- [WHAT YOU WILL DO]: Take the lines below from the one with "Savone 2pc Wicker" through the one with "TRENDnet's 60 W" and print only them, exactly. Don't print the pictures.

- [DATA UNDER STUDY]:
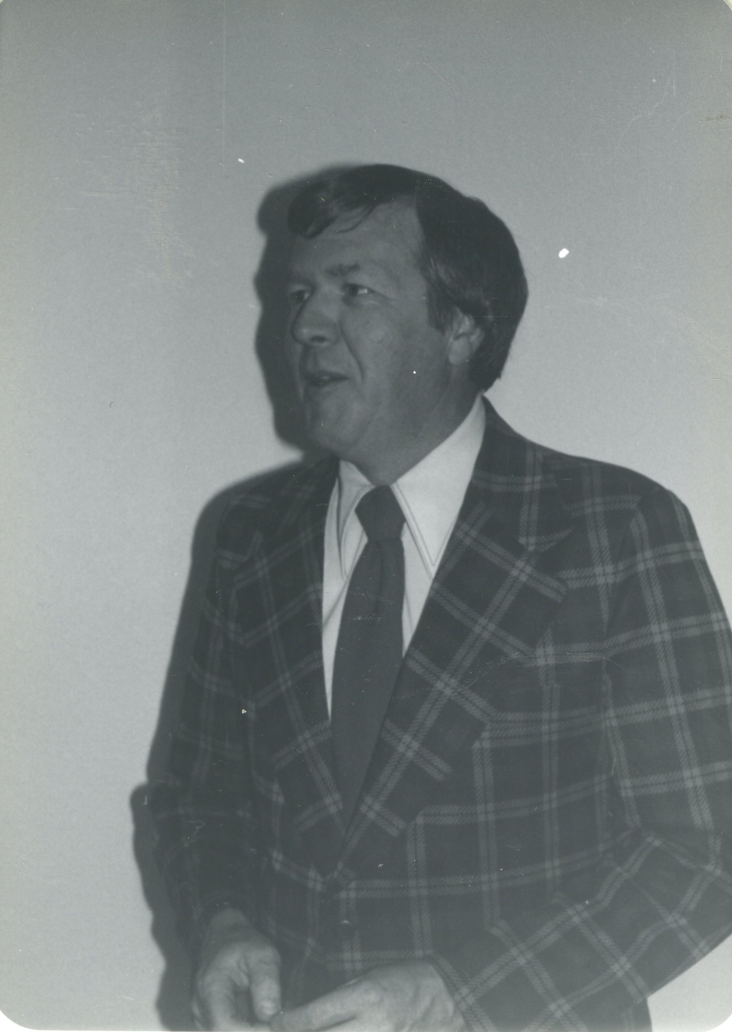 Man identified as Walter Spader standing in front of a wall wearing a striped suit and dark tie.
...
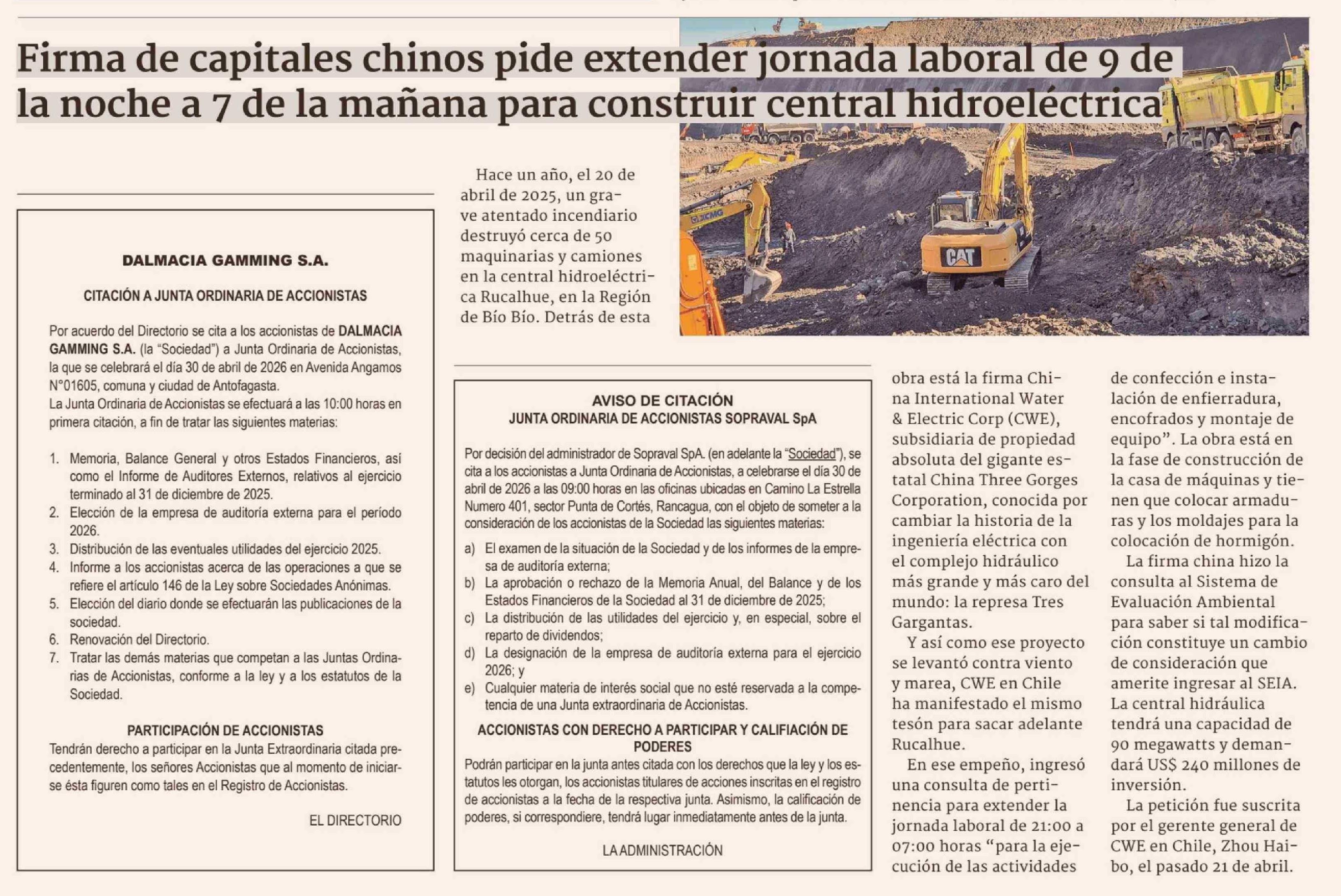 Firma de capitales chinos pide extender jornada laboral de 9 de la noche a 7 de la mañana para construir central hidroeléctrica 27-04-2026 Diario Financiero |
--
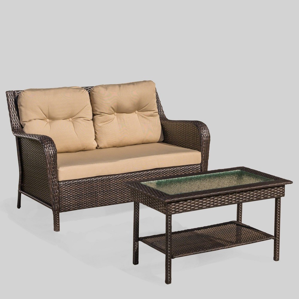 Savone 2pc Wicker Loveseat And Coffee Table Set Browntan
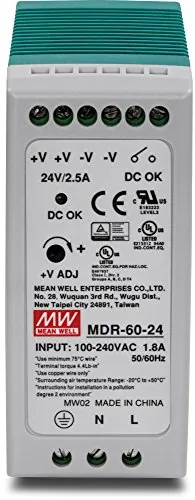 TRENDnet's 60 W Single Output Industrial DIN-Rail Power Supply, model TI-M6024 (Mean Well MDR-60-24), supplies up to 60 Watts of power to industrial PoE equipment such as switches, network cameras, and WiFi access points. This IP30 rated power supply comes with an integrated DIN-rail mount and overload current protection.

- [WRITTEN ANSWER]:
 Savone 2pc Wicker Loveseat And Coffee Table Set Browntan
 TRENDnet's 60 W Single Output Industrial DIN-Rail Power Supply, model TI-M6024 (Mean Well MDR-60-24), supplies up to 60 Watts of power to industrial PoE equipment such as switches, network cameras, and WiFi access points. This IP30 rated power supply comes with an integrated DIN-rail mount and overload current protection.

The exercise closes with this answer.